Dataset entries =
------------

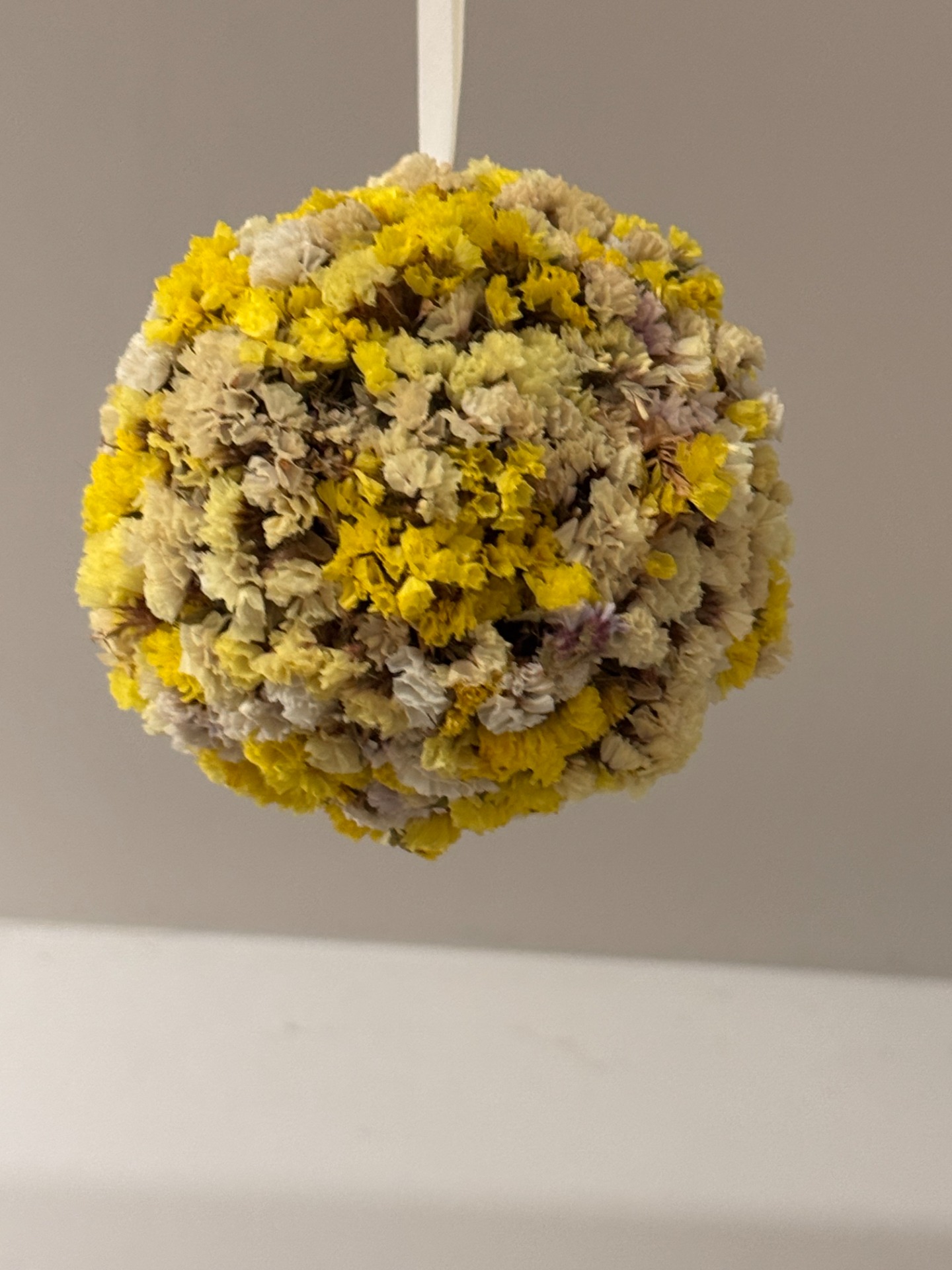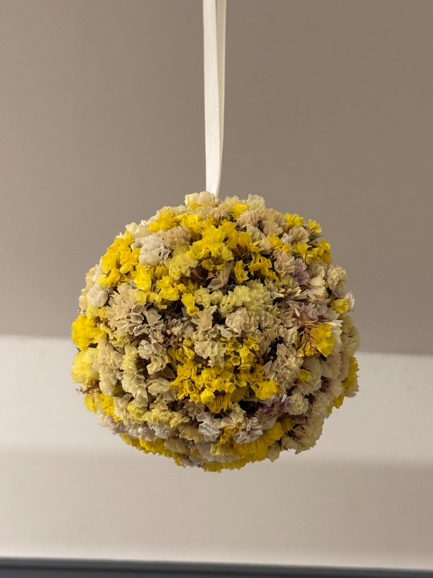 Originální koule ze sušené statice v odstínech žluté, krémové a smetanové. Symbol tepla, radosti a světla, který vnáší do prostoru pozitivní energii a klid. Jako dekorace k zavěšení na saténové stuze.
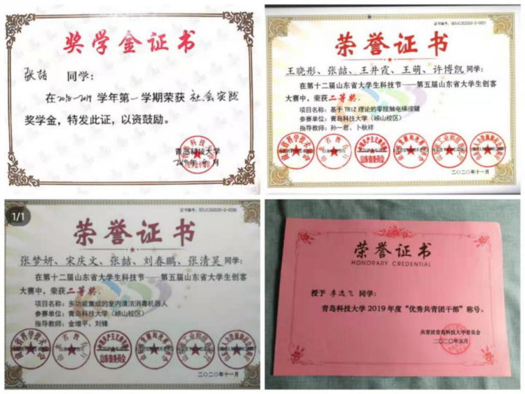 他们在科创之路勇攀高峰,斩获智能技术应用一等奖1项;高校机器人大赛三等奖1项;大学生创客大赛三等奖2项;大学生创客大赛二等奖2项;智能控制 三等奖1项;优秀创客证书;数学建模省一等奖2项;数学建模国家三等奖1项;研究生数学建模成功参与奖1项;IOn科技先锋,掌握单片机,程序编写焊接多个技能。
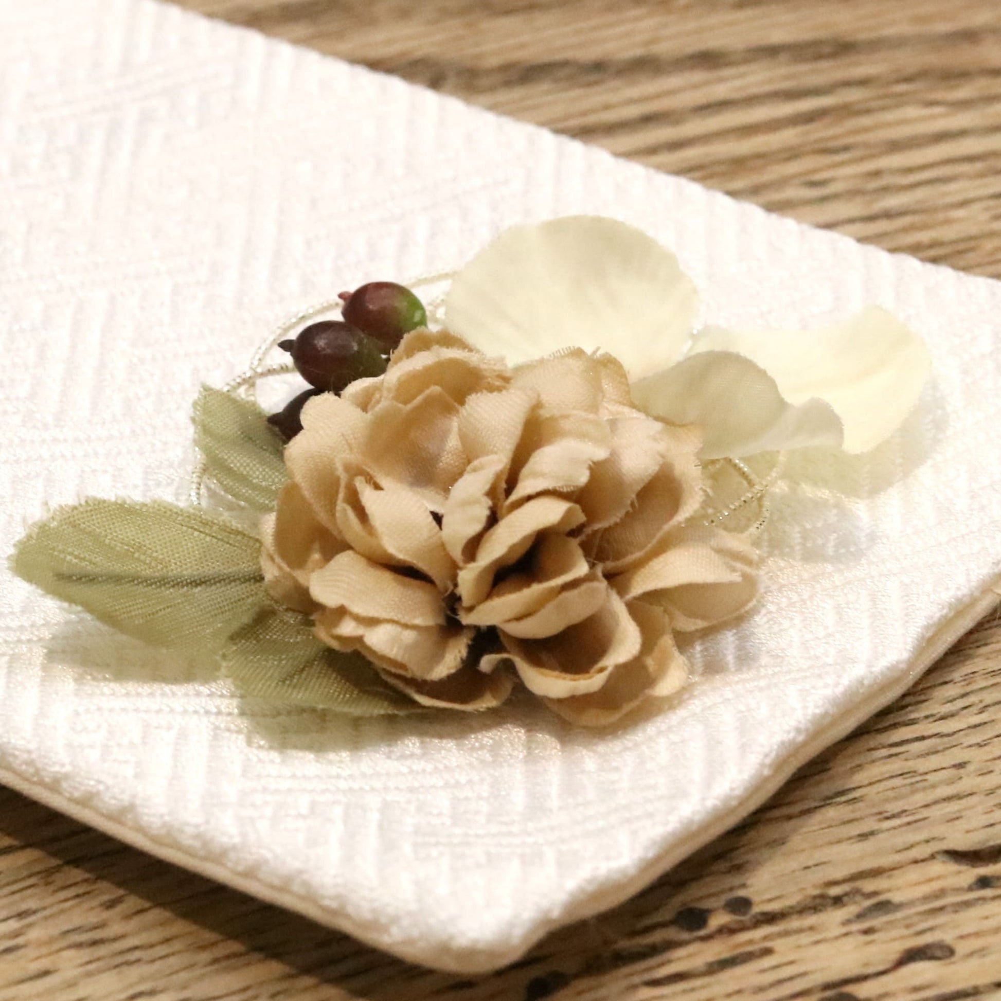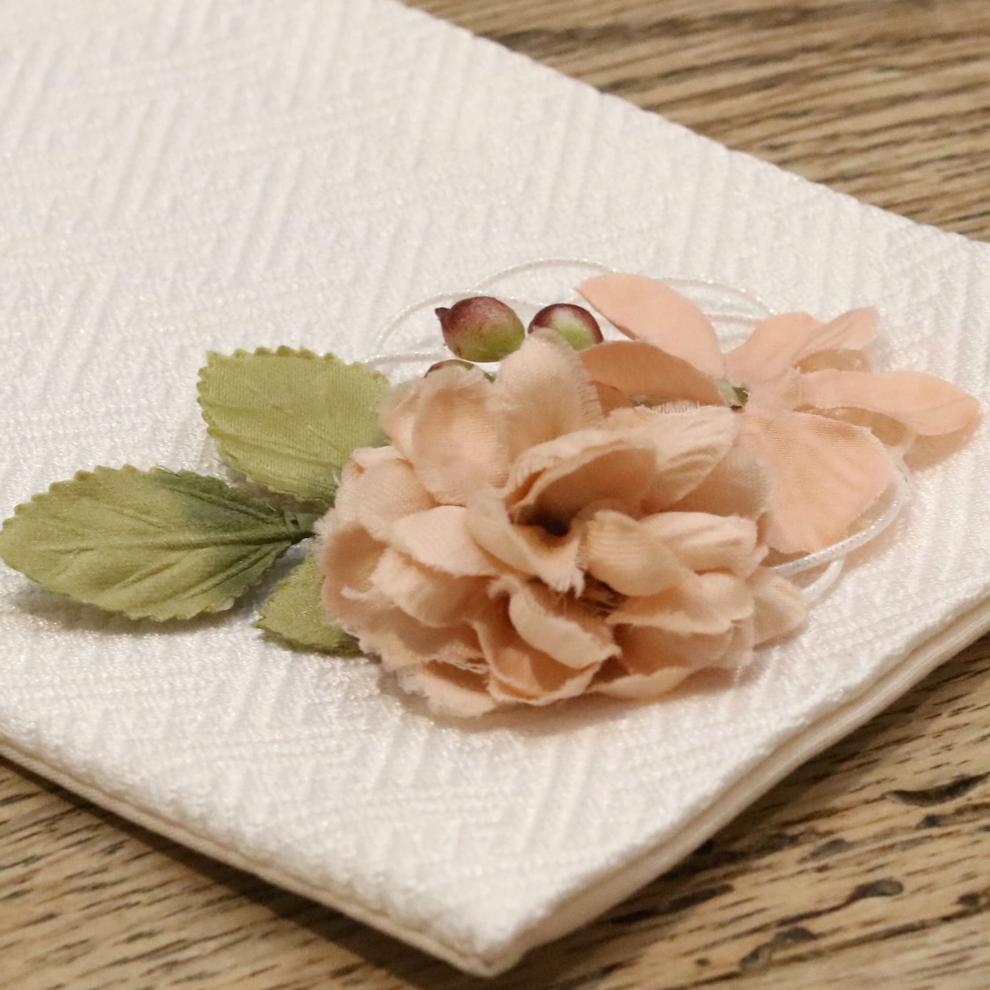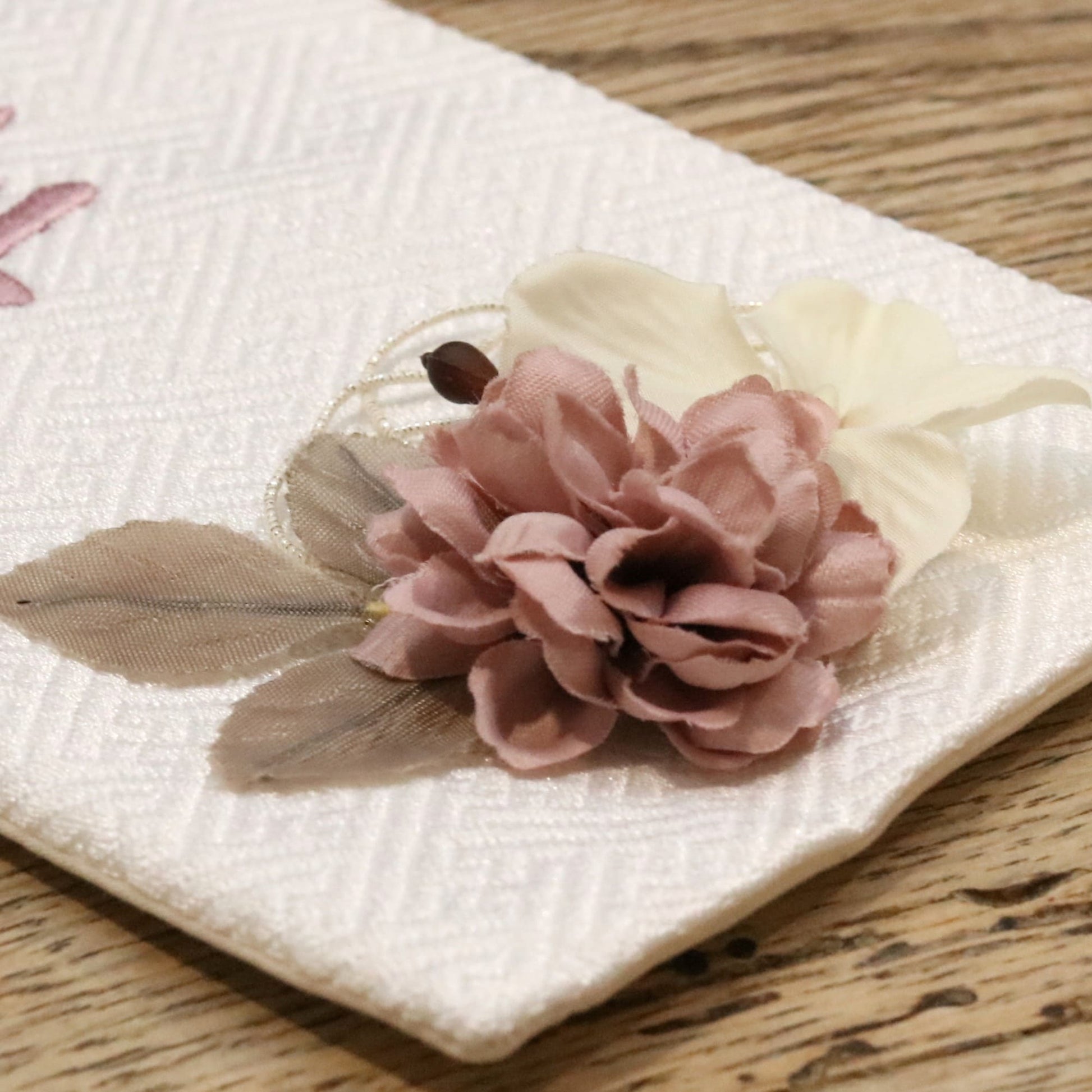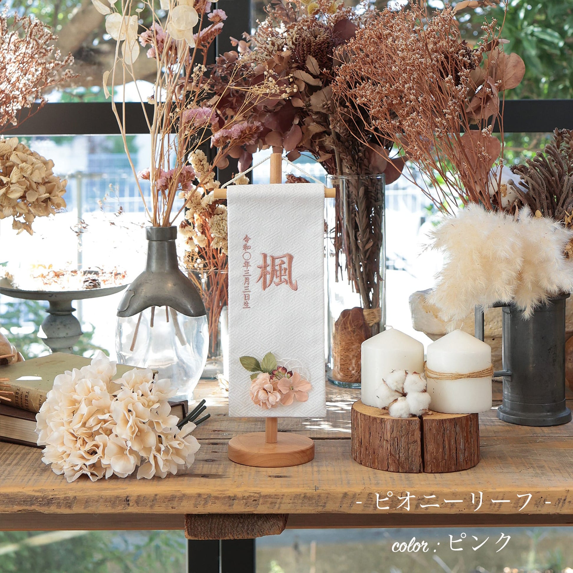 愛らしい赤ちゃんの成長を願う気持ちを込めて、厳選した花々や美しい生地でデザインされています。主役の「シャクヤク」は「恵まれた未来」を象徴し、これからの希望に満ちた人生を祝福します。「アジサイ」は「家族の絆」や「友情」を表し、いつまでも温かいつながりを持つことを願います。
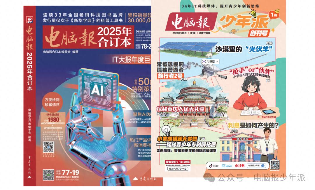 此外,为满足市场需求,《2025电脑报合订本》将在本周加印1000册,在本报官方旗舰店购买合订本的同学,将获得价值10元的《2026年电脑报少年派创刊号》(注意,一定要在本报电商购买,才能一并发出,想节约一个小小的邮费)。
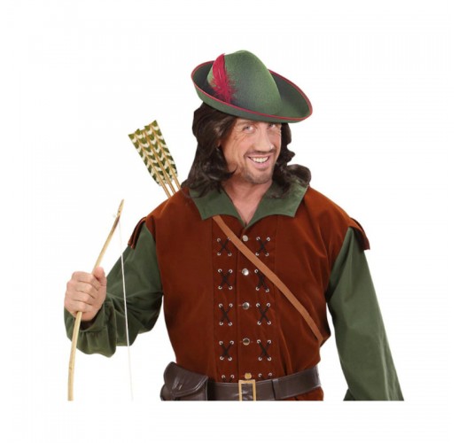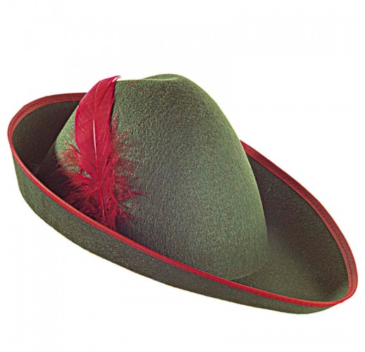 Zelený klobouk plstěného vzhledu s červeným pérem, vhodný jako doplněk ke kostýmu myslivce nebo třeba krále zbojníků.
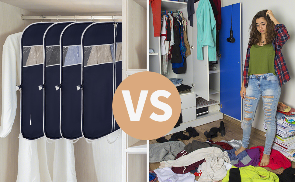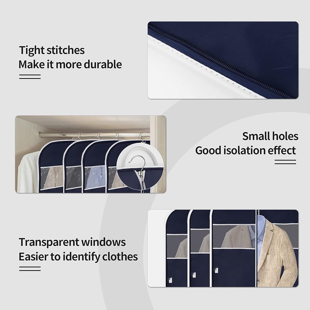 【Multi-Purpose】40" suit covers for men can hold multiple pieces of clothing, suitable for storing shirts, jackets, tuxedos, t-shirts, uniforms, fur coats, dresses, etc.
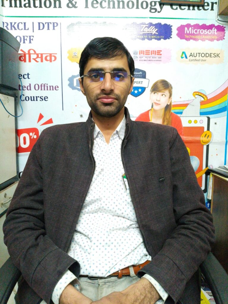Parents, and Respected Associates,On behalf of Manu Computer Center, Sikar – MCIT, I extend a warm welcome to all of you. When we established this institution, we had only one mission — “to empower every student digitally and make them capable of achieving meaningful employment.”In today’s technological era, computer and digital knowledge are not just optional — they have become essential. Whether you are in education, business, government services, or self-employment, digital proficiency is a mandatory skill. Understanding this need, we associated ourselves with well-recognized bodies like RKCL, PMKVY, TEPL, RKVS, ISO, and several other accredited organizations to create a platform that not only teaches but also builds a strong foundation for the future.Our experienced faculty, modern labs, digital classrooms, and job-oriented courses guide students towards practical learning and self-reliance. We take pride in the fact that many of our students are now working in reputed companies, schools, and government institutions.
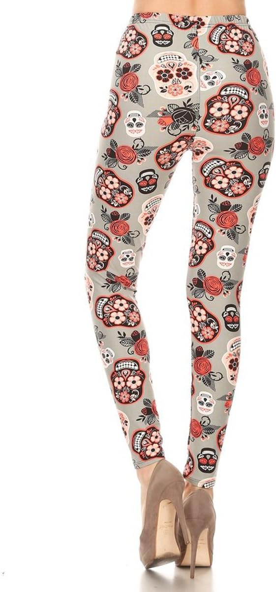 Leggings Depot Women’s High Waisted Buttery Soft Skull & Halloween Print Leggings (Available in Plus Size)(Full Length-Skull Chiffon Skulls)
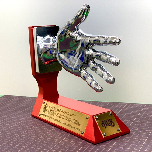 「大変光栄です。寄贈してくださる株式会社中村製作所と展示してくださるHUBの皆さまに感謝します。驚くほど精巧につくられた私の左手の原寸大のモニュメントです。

------------

Work request = Your copy of the entries above must be exact and must not include pictures.

Response for this exercise =
 Originální koule ze sušené statice v odstínech žluté, krémové a smetanové. Symbol tepla, radosti a světla, který vnáší do prostoru pozitivní energii a klid. Jako dekorace k zavěšení na saténové stuze.
 他们在科创之路勇攀高峰,斩获智能技术应用一等奖1项;高校机器人大赛三等奖1项;大学生创客大赛三等奖2项;大学生创客大赛二等奖2项;智能控制 三等奖1项;优秀创客证书;数学建模省一等奖2项;数学建模国家三等奖1项;研究生数学建模成功参与奖1项;IOn科技先锋,掌握单片机,程序编写焊接多个技能。
 愛らしい赤ちゃんの成長を願う気持ちを込めて、厳選した花々や美しい生地でデザインされています。主役の「シャクヤク」は「恵まれた未来」を象徴し、これからの希望に満ちた人生を祝福します。「アジサイ」は「家族の絆」や「友情」を表し、いつまでも温かいつながりを持つことを願います。
 此外,为满足市场需求,《2025电脑报合订本》将在本周加印1000册,在本报官方旗舰店购买合订本的同学,将获得价值10元的《2026年电脑报少年派创刊号》(注意,一定要在本报电商购买,才能一并发出,想节约一个小小的邮费)。
 Zelený klobouk plstěného vzhledu s červeným pérem, vhodný jako doplněk ke kostýmu myslivce nebo třeba krále zbojníků.
 【Multi-Purpose】40" suit covers for men can hold multiple pieces of clothing, suitable for storing shirts, jackets, tuxedos, t-shirts, uniforms, fur coats, dresses, etc.
Parents, and Respected Associates,On behalf of Manu Computer Center, Sikar – MCIT, I extend a warm welcome to all of you. When we established this institution, we had only one mission — “to empower every student digitally and make them capable of achieving meaningful employment.”In today’s technological era, computer and digital knowledge are not just optional — they have become essential. Whether you are in education, business, government services, or self-employment, digital proficiency is a mandatory skill. Understanding this need, we associated ourselves with well-recognized bodies like RKCL, PMKVY, TEPL, RKVS, ISO, and several other accredited organizations to create a platform that not only teaches but also builds a strong foundation for the future.Our experienced faculty, modern labs, digital classrooms, and job-oriented courses guide students towards practical learning and self-reliance. We take pride in the fact that many of our students are now working in reputed companies, schools, and government institutions.
 Leggings Depot Women’s High Waisted Buttery Soft Skull & Halloween Print Leggings (Available in Plus Size)(Full Length-Skull Chiffon Skulls)
 「大変光栄です。寄贈してくださる株式会社中村製作所と展示してくださるHUBの皆さまに感謝します。驚くほど精巧につくられた私の左手の原寸大のモニュメントです。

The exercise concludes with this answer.